Data Set ID: 

SMAP L3 Radiometer Global Daily 36 km EASE-Grid Soil Moisture, Version 6

This Level-3 (L3) soil moisture product provides a composite of daily estimates of global land surface conditions retrieved by the Soil Moisture Active Passive (SMAP) passive microwave radiometer. SMAP L-band soil moisture data are resampled to a global, cylindrical 36 km Equal-Area Scalable Earth Grid, Version 2.0 (EASE-Grid 2.0).

This is the most recent version of these data.

Version Summary: 

Changes to this version include:

  • The Dual Channel Algorithm (DCA) has been replaced by the Modified Dual Channel Algorithm (MDCA). MDCA achieves better retrieval performance through the modeling of polarization mixing between the vertically and horizontally polarized brightness temperature channels, as well as new estimates of single-scattering albedo and roughness coefficients. MDCA supersedes optional algorithms MPRA (option 4) and E-DCA (option 5).
  • As part of the option algorithm changes, the following data fields were added: albedo_option3, roughness_coefficient_option3, bulk_density, clay_fraction.
  • The baseline algorithm (SCA-V) remains unchanged.
  • Improved aggregation of values in input ancillary data, e.g. roughness, soil texture, NDVI. The fix has negligible impacts on retrievals estimated to be of recommended quality.

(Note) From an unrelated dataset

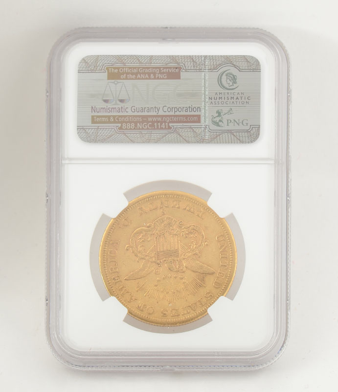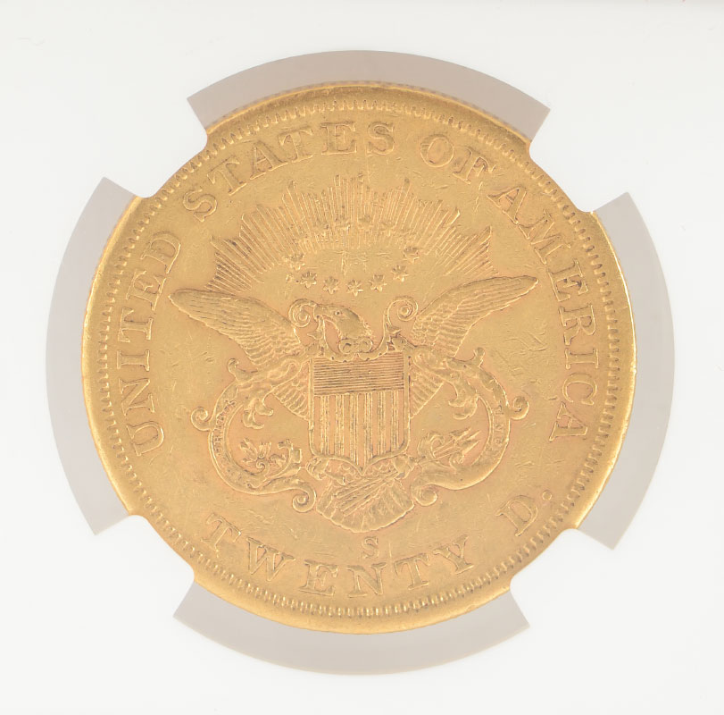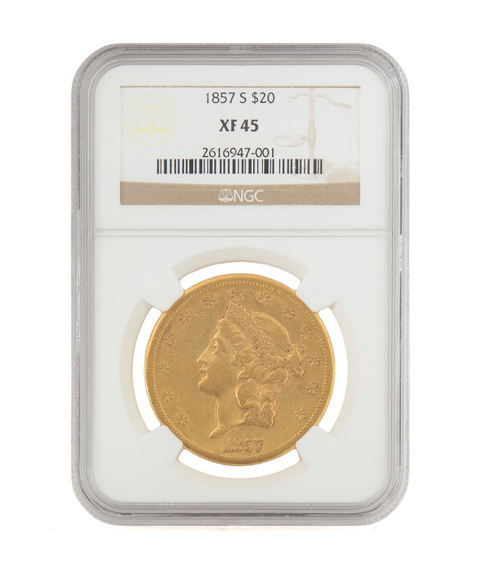 1857-S DOUBLE EAGLE $20 GOLD COIN NGC XF45: Slabbed and graded NGC XF-45.

COMPREHENSIVE Level of Service

Data: Data integrity and usability verified; data customization services available for select data

Documentation: Key metadata and comprehensive user guide available

User Support: Assistance with data access and usage; guidance on use of data in tools and data customization services

See All Level of Service Details

Data Format(s):
  • HDF5
Spatial Coverage:
N: 85.044, 
S: -85.044, 
E: 180, 
W: -180
Spatial Resolution:
  • 36 km x 36 km
Temporal Coverage:
  • 31 March 2015
Temporal Resolution1 dayMetadata XML:View Metadata Record
Data Contributor(s):O'Neill, P. E., S. Chan, E. G. Njoku, T. Jackson, and R. Bindlish.

Geographic Coverage

Other Access Options

Other Access Options


As a condition of using these data, you must cite the use of this data set using the following citation. For more information, see our Use and Copyright Web page.

O'Neill, P. E., S. Chan, E. G. Njoku, T. Jackson, and R. Bindlish. 2019. SMAP L3 Radiometer Global Daily 36 km EASE-Grid Soil Moisture, Version 6. [Indicate subset used]. Boulder, Colorado USA. NASA National Snow and Ice Data Center Distributed Active Archive Center. doi: [Date Accessed].
7 January 2019
Last modified: 
15 August 2019

Data Description


The main output of this data set is 0-5 cm surface soil moisture (cm3/cm3) presented on the global 36 km EASE-Grid 2.0. Also included are Brightness Temperature (Tb) measurements (K), representing the weighted average of SMAP Level-1B brightness temperatures whose boresights fall within each 36 km EASE-Grid 2.0 grid cell.

Refer to the Data Fields document for details on all parameters.

File Information


Data are provided in HDF5 format (.h5). For compatible software and more information of HDF5 files, including an HDF5 tutorial, visit the HDF Group's HDF5 website.

File Contents

As shown in Figure 1, each HDF5 file is organized into three main groups, Metadata and Soil Moisture Retrieval Data (both AM and PM), all of which contain sub-groups and/or data sets.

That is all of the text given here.